2. Description of the Related Art
Modem computers are called upon to execute instructions and transfer data at increasingly higher rates. Many computers employ CPUs which operate at clocking rates exceeding several hundred MHz, and further have multiple buses connected between the CPUs and numerous input/output devices. The buses may have dissimilar protocols depending on which devices they link. For example, a CPU local bus connected directly to the CPU preferably transfers data at a faster rate than a peripheral bus connected to slower input/output devices. A mezzanine bus may be used to connect devices arranged between the CPU local bus and the peripheral bus. The peripheral bus can be classified as, for example, an industry standard architecture (“ISA”) bus, an enhanced ISA (“EISA”) bus or a microchannel bus. The mezzanine bus can be classified as, for example, a peripheral component interconnect (“PCI”) bus to which higher speed input/output devices may be connected.

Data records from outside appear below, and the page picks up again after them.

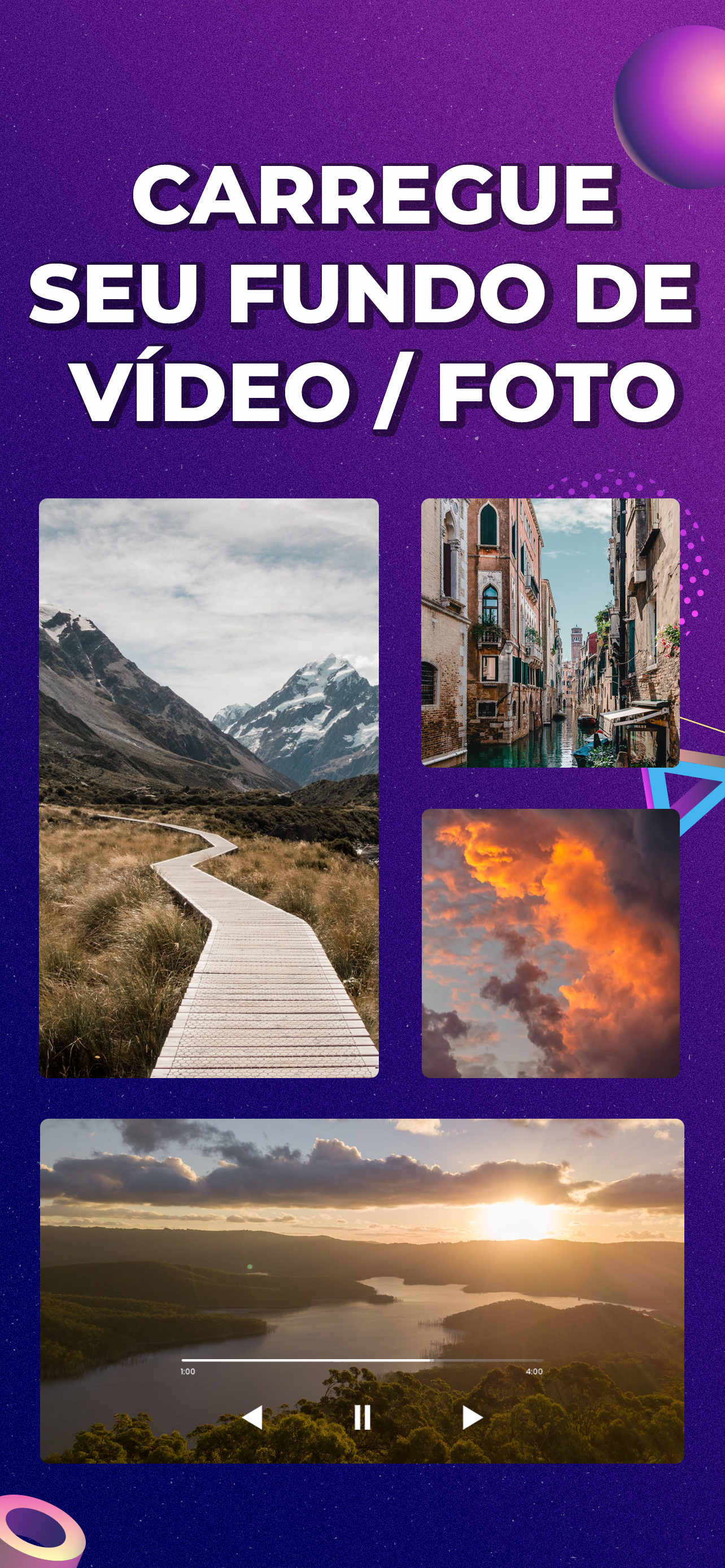 VARIEDADE INCRÍVEL DE TELAS DE FUNDO: escolha sua tela de fundo em uma galeria enorme de cores, imagens e vídeos carregados no aplicativo. Veja como ficará em uma floresta tropical ou no espaço sideral!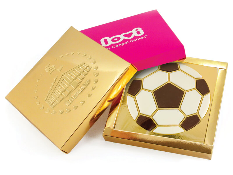 - możliwość bezpośredniego wytłoczenia prostego logotypu na centralnym elemencie piłki z ciemnej czekolady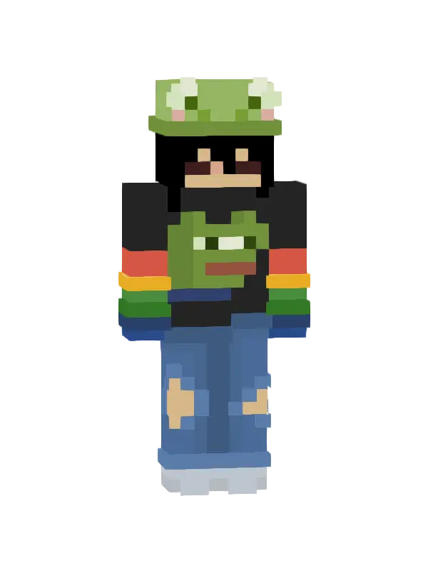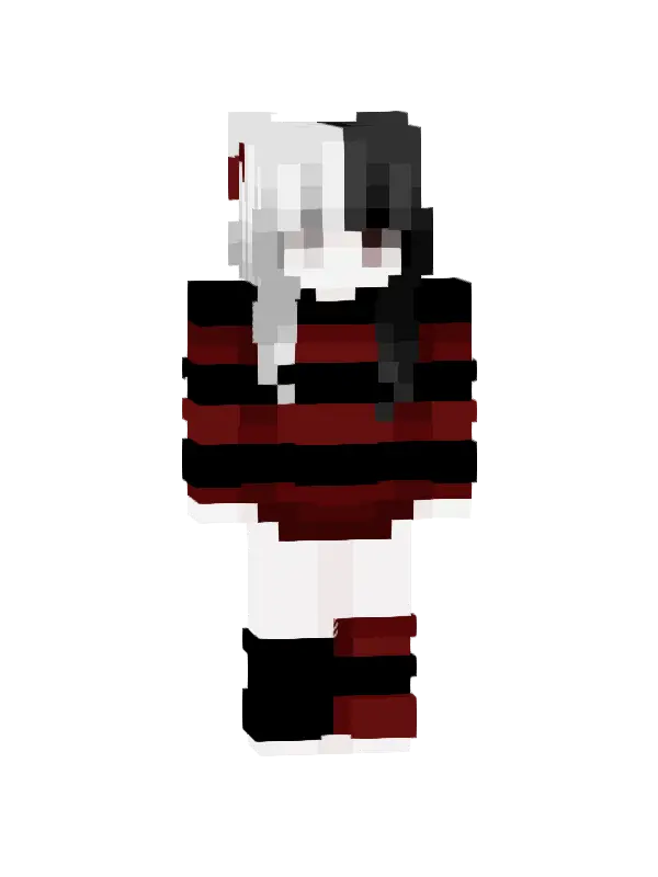 Skin Minecraft inspirowany modą, z kolorowym bobem w czerwonym i niebieskim, różowym swetrem oraz jeansami. Idealny do wyróżnienia się w grze!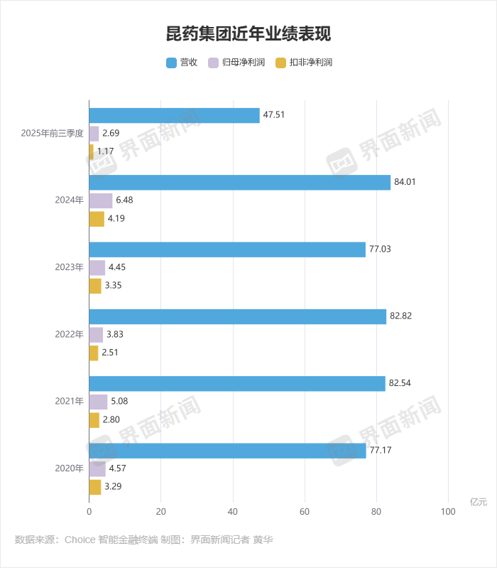 2025年前三季度,昆藥集團的營收為47.5億元,同比下降18%;扣非凈利潤為1.17億元,同比下降近60%。
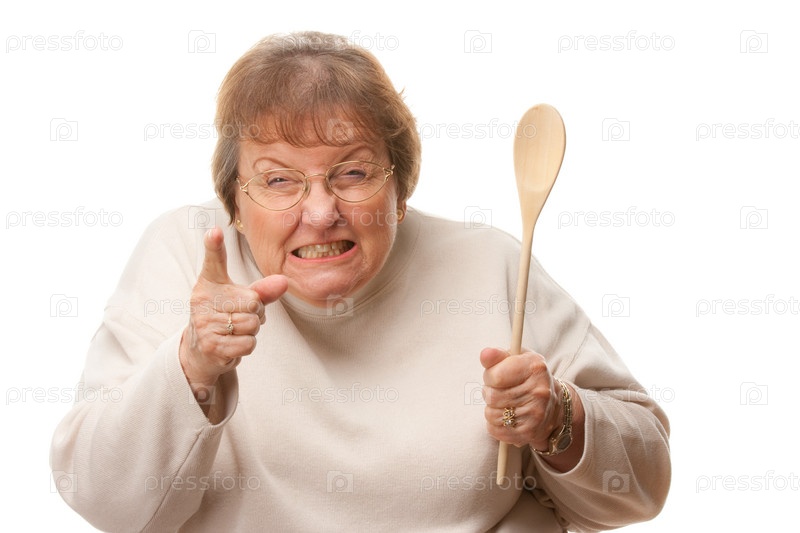 Расстроенная пожилая женщина с деревянной ложкой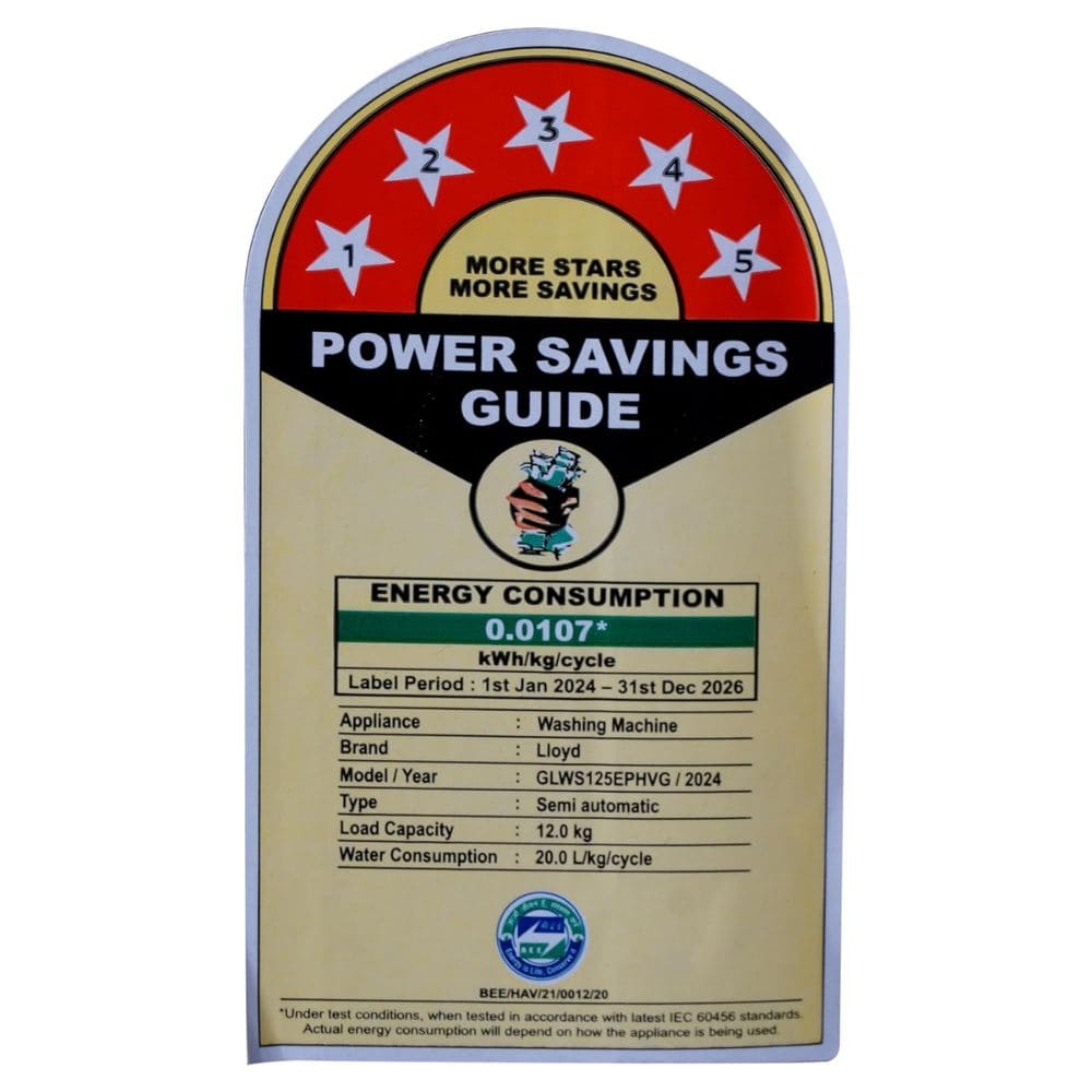 Lloyd 12 Kg 5 Star Semi-Automatic Top Load Washing machine (GLWS125EPHVG, Grey)

Coupled between the various buses are bus interface units. According to somewhat known terminology, the bus interface unit coupled between the CPU bus and the mezzanine bus is often termed the “north bridge”. Similarly, the bus interface unit between the PCI bus and the peripheral bus is often termed the “south bridge”.
The north bridge, henceforth termed a system interface unit, serves to link specific buses within the hierarchical bus architecture. Preferably, the system interface unit couples data, address and control signals forwarded between the CPU local bus, the PCI bus and the memory bus. Accordingly, the system interface unit may include various buffers and/or controllers situated at the interface of each bus linked by the interface unit. In addition, the system interface unit may transfer data to/from a dedicated graphics bus, and therefore may include an advanced graphics port (“AGP”). As a host device, the system interface unit may support both the PCI graphics transfers on the AGP (e.g., graphics-dedicated transfers associated with PCI, henceforth is referred to as a graphics component interface, or “GCI”), as well as AGP extensions to the PCI protocol.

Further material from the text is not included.